And also one funeral. All the shops were closed for a whole day and all the men in the village, old and young, suddenly became bold. We felt the mourning everywhere and that’s how we understood that this village may be a tourist destination like many others, but below the outer shell of guesthouses and Sushi bars, there is still a beautiful village authenticity in every sense of the word.

watch the girls talk about their experience here.

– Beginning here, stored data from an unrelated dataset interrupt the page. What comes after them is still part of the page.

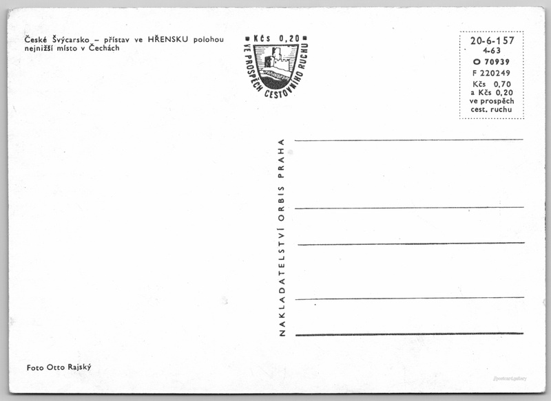 Port in Hřensko 3/31 Pokud chcete vidět pohlednice ve vyšším rozlišení nebo zobrazovat jejich zadní stranu, tak se prosím nejdříve přihlašte Log in Register České Švýcarsko - přístav ve HŘENSKU polohou nejnižší místo v Čechách Language of printed text on postcard: Czech Přístaviště Hřensko, Přístav, Hřensko, Česko show on map 31 other postcards can be found in the immediate vicinity of the place shown on the postcard Show near postcards Publisher: Nakladatelství Orbis (Czechoslovakia) Issue year of postcard: April, 1963 Postcard size (w x h) and shape: 146 x 105 mm (5.75" x 4.13"), rectangle Persons connected with this postcard: Otto Rajský(Photo author) Unused postcard Prices: Postcard price: 0,70 Kčs (CSK) (+0,20 Kčs fee to support tourism) Postcard codes: 20-6-157 4-63 O 70939 F 220249 DiscussionAdd post Add new folder ... Manage folders ...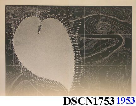Artist's iconic images of heart-like forms called Loci (plural of Locus), the famous Hokusai print known as the "Great Wave" stylized, a map background derived from an area known as the "Crossing of the Fathers," on the Colorado River, now under Lake Powell, Arizona, filming site of the spaceship crash scene in Planet of the Apes. One of 141 impressions.Artwork Details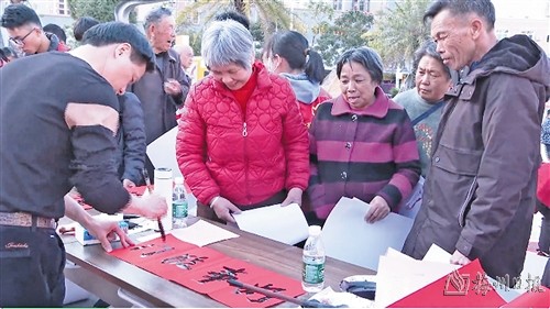 本报讯 日前,由五华县文化广电旅游体育局主办、县文化馆承办、市县书法家协会协办的五华县2025年“我们的中国梦——文化进万家”挥春送福志愿服务活动在五华奥体中心广场成功举行。活动以书写春联和“福”字为载体,将浓浓的年味儿和美好的新春祝福送到基层、送进千家万户。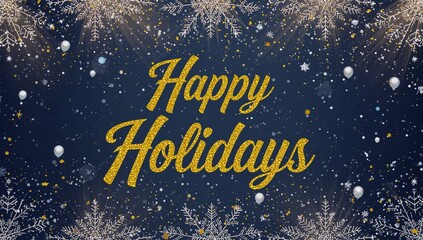 Displaying centered gold-glitter Happy Holidays script glowing on navy card, flakes confetti pearls
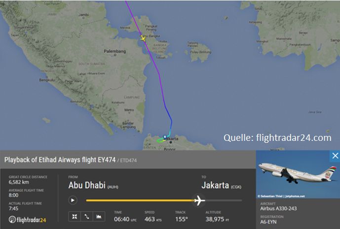 Nach den bei flightradar24.com abrufbaren Flugdaten ist das Flugzeug mit Flugnummer EY474 am 4. Mai 2016 um 07:24 UTC am internationalen Flughafen Soekarno-Hatta in Jakarta gelandet. Wenn die Information aus den Medien korrekt ist, dass sich der Zwischenfall 45 Minuten vor der Landung ereignet hat, muss die Turbulenz gegen 06:40 UTC in der Nähe der Insel Bangka, östlich von Sumatra, aufgetreten sein. Dies ist aus der folgenden flightradar24-Karte ersichtlich.

Many families that come to north India prefer to stay away from the hustle and bustle of Manalil and old Manali and instead locate in Vashisht. And with good reasons.
  • In Vashisht there’s no entry to any motorized vehicle. So it’s much easier and safer to walk with the kids in the narrow alleys.
  • Everything in Vahsihst is cheaper than neighboring Manali, and the quality is the same.
  • The view is better. In almost every guest house you can find a nice big room with a balcony in the mountains direction.
  • The hot springs are a daily pleasure for the whole family.
  • Near the village, a walking distance away, there are a few waterfalls and natural pools. A good way to spend a day. Or at least half a day.
  • Lessons in yoga, music, juggling, and dancing. Kids are very welcome and usually don’t pay.
  • Everything is close to home. Grocery stores, internet, restaurants and cafes offering a wide range of foods, and the rickshaw stop. The Ayurveda clinic is of the communal sort and doesn’t require payment (even for the medicines).
  • The village is small and within a few days everyone will know the kids and will be happy to play, walk, or host them.
prices and costs in vashisht for example:

Natural fruit juice, mixed fruit juice or shake: 40 rupees

Local thali: 80-100 rupees

Average room: 500 rupees

Internet: 50 rupees an hour

Hot spring, waterfalls, crazy view free !

 

A big fear many parents have is about the hygiene of foods and drinks in developing countries. Even doctors specializing in travel medicine recommend to be extra careful with those. I wrote here the ways we deal with it.

Drinks:

  1. Many of the worst diseases originate in water.

2. That’s why I always go under the assumption that the water anywhere is not fit for drinking. Not taking any chances.

3. The most effective way to disinfect water is by boiling.

4. That’s why any dish containing water must be well boiled.

5. Drinking water- you can find different qualities of drinking water anywhere. From mineral water from abroad to locally treated and disinfected. Buy a few types, pick the one you like best and stick with it. And of course, pay attention to the lid signature.

6. Juices- fresh fruit juice is one of the ways to keep the kids healthy. It’s important to make sure they don’t mix it with water or ice. Also, pay attention to how clean the dishes are.

7. Cold drinks- sodas and the likes are perfectly safe to drink.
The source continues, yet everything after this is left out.